> **EXERCISE**: Every line from the one with "Bus 長86 - 恩方営業所-ホーメストタウン・城山手-西八王子駅" to the final line of the records should be printed exactly as it is, with pictures left out.

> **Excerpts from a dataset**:
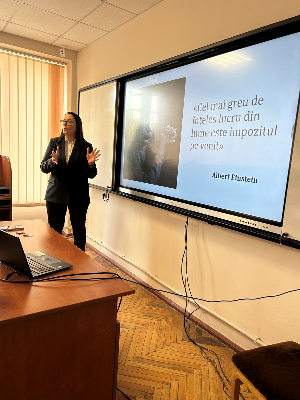 În cadrul seminarului metodic “Provocările profesiei contabile: strategii pentru contabilii începători“, organizat de către dna Natalia Gavrilaș în parteneriat cu dna Natalia Giscă, fondator și administrator Agrocont Service SRL au fost prezentate studenților specialității Contabilitate din cadrul USM oportunitățile profesiei contabile, inclusiv pentru cei care se află la începutul carierei profesionale. Experta în contabilitate a evidențiat importanța și necesitatea studiilor universitare, care oferă contabililor începători o bază solidă de cunoștințe și competențe necesare realizării unei cariere de success, inclusiv pentru inițierea si gestiunea afacerilor în sfera prestării serviciilor de contabilitate si consulting pentru afaceri.
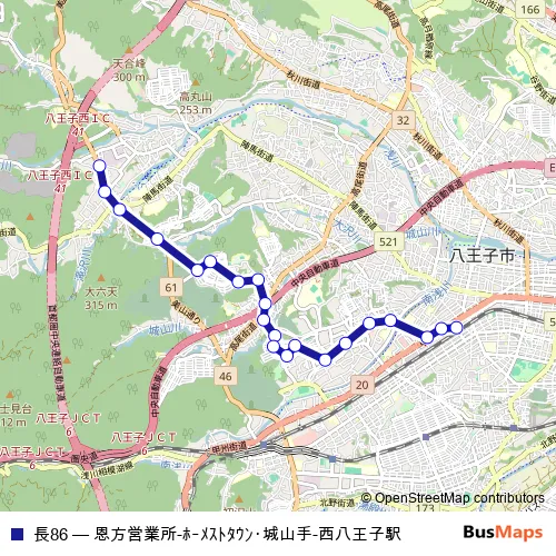 Bus 長86 - 恩方営業所-ホーメストタウン・城山手-西八王子駅 in Hachioji: Stops & Timetable
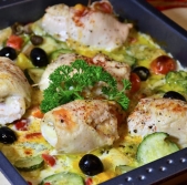Piščančje roladice z zelenjavo v kremni omaki
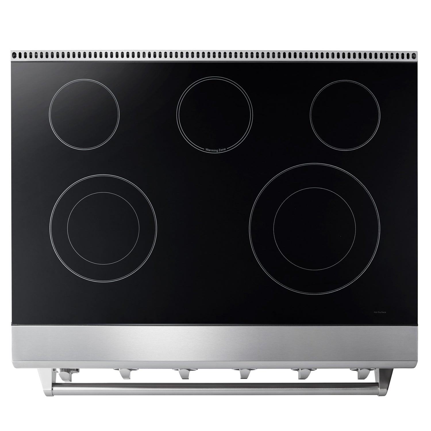 - Smooth Glass Top. Easy to fit in a 36-Inch space, this freestanding professional electric range features a frameless glass top that is flush with the countertop giving it a seamless look that is easy to clean
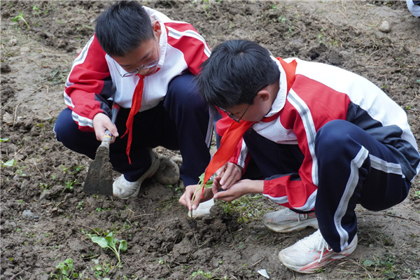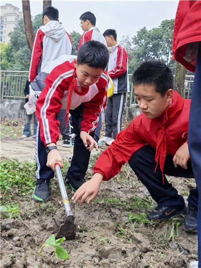种植环节,在班主任、家长代表及劳动教师的悉心指导下,同学们分工协作、互帮互助,严格遵循种植规范,完成扶正幼苗、分层填土、浇足定根水等操作。
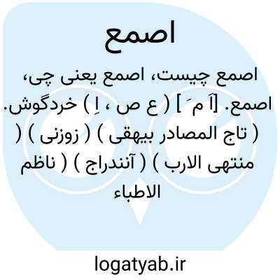 اصمع. [اَ م َ ] ( ع ص، اِ ) خردگوش. ( تاج المصادر بیهقی ) ( زوزنی ) ( منتهی الارب ) ( آنندراج ) ( ناظم الاطباء ). صغیرالاذن. ( اقرب الموارد ) ( قطر المحیط ). || شمشیر بران. ( منتهی الارب ) ( آنندراج ) ( ناظم الاطباء ). سیف قاطع. ( اقرب الموارد ) ( قطر المحیط ). || براشرف مواضع برآینده. ( آنندراج ) ( ناظم الاطباء ) ( منتهی الارب ). المترقی اشرف المواضع. ( اقرب الموارد ) ( قطر المحیط ). || مرد سراسیمه. || شوخ بی باک. || شتالنگ خرد و لطیف. ( منتهی الارب ) ( آنندراج ) ( ناظم الاطباء ). الکعب اللطیف المستوی.( اقرب الموارد ) ( قطر المحیط ). || الظلیم.( اقرب الموارد ). || گیاه که هنوز بار آن از غلاف برنیامده باشد. ( منتهی الارب ) ( آنندراج ) ( ناظم الاطباء ). النبت خرج له ثمر و لم ینفتق. ( اقرب الموارد ) ( قطر المحیط ). || پر دراز لطیف یا بهترین پرها. ج، صُمعان، صُمع. ( منتهی الارب ) ( آنندراج ) ( ناظم الاطباء ). الریش اللطیف العسیب و قیل افضل الریش.ج، صُمعان. ( اقرب الموارد ). || هشیاردل تیزخاطر بیدار. ( منتهی الارب ) ( آنندراج ). تیزخاطر. ( مهذب الاسماء ) ( زوزنی ). دل هوشیار و رای پرکار و باحزم. ( ناظم الاطباء ). القلب الذکی. ( اقرب الموارد ). القلب الذکی المتیقظ. ( قطر المحیط ). دل آگاه. ( لغت خطی ). زیرک. تیز هوش. بیداردل.
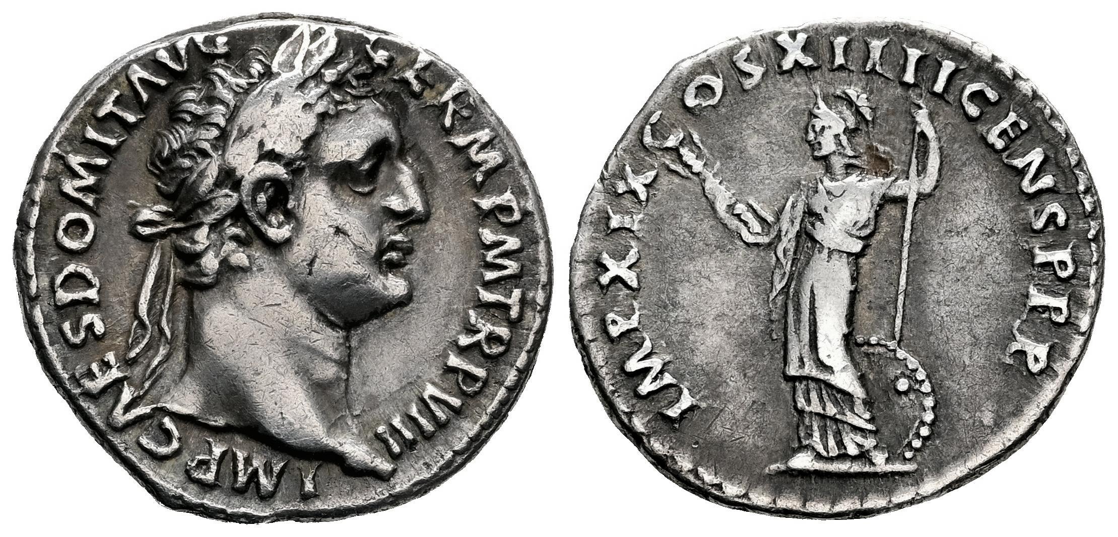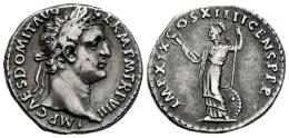 Domiciano. Denario. 88-89 d.C. Roma. (Ric-II 1 670). (Bmcre-154). (Rsc-250). Anv.: IMP CAES DOMIT AVG GERM P M TR P VIII. Cabeza laureada a la derecha. Rev.: IMP XIX COS XIIII CENS P P P. Minerva en pie a la izquierda, sosteniendo una lanza apoyada en el suelo. Ag. 3,37 g. Ligero tono. MBC. Est...160,00.

> **RESULT**:
 Bus 長86 - 恩方営業所-ホーメストタウン・城山手-西八王子駅 in Hachioji: Stops & Timetable
Piščančje roladice z zelenjavo v kremni omaki
 - Smooth Glass Top. Easy to fit in a 36-Inch space, this freestanding professional electric range features a frameless glass top that is flush with the countertop giving it a seamless look that is easy to clean
种植环节,在班主任、家长代表及劳动教师的悉心指导下,同学们分工协作、互帮互助,严格遵循种植规范,完成扶正幼苗、分层填土、浇足定根水等操作。
 اصمع. [اَ م َ ] ( ع ص، اِ ) خردگوش. ( تاج المصادر بیهقی ) ( زوزنی ) ( منتهی الارب ) ( آنندراج ) ( ناظم الاطباء ). صغیرالاذن. ( اقرب الموارد ) ( قطر المحیط ). || شمشیر بران. ( منتهی الارب ) ( آنندراج ) ( ناظم الاطباء ). سیف قاطع. ( اقرب الموارد ) ( قطر المحیط ). || براشرف مواضع برآینده. ( آنندراج ) ( ناظم الاطباء ) ( منتهی الارب ). المترقی اشرف المواضع. ( اقرب الموارد ) ( قطر المحیط ). || مرد سراسیمه. || شوخ بی باک. || شتالنگ خرد و لطیف. ( منتهی الارب ) ( آنندراج ) ( ناظم الاطباء ). الکعب اللطیف المستوی.( اقرب الموارد ) ( قطر المحیط ). || الظلیم.( اقرب الموارد ). || گیاه که هنوز بار آن از غلاف برنیامده باشد. ( منتهی الارب ) ( آنندراج ) ( ناظم الاطباء ). النبت خرج له ثمر و لم ینفتق. ( اقرب الموارد ) ( قطر المحیط ). || پر دراز لطیف یا بهترین پرها. ج، صُمعان، صُمع. ( منتهی الارب ) ( آنندراج ) ( ناظم الاطباء ). الریش اللطیف العسیب و قیل افضل الریش.ج، صُمعان. ( اقرب الموارد ). || هشیاردل تیزخاطر بیدار. ( منتهی الارب ) ( آنندراج ). تیزخاطر. ( مهذب الاسماء ) ( زوزنی ). دل هوشیار و رای پرکار و باحزم. ( ناظم الاطباء ). القلب الذکی. ( اقرب الموارد ). القلب الذکی المتیقظ. ( قطر المحیط ). دل آگاه. ( لغت خطی ). زیرک. تیز هوش. بیداردل.
 Domiciano. Denario. 88-89 d.C. Roma. (Ric-II 1 670). (Bmcre-154). (Rsc-250). Anv.: IMP CAES DOMIT AVG GERM P M TR P VIII. Cabeza laureada a la derecha. Rev.: IMP XIX COS XIIII CENS P P P. Minerva en pie a la izquierda, sosteniendo una lanza apoyada en el suelo. Ag. 3,37 g. Ligero tono. MBC. Est...160,00.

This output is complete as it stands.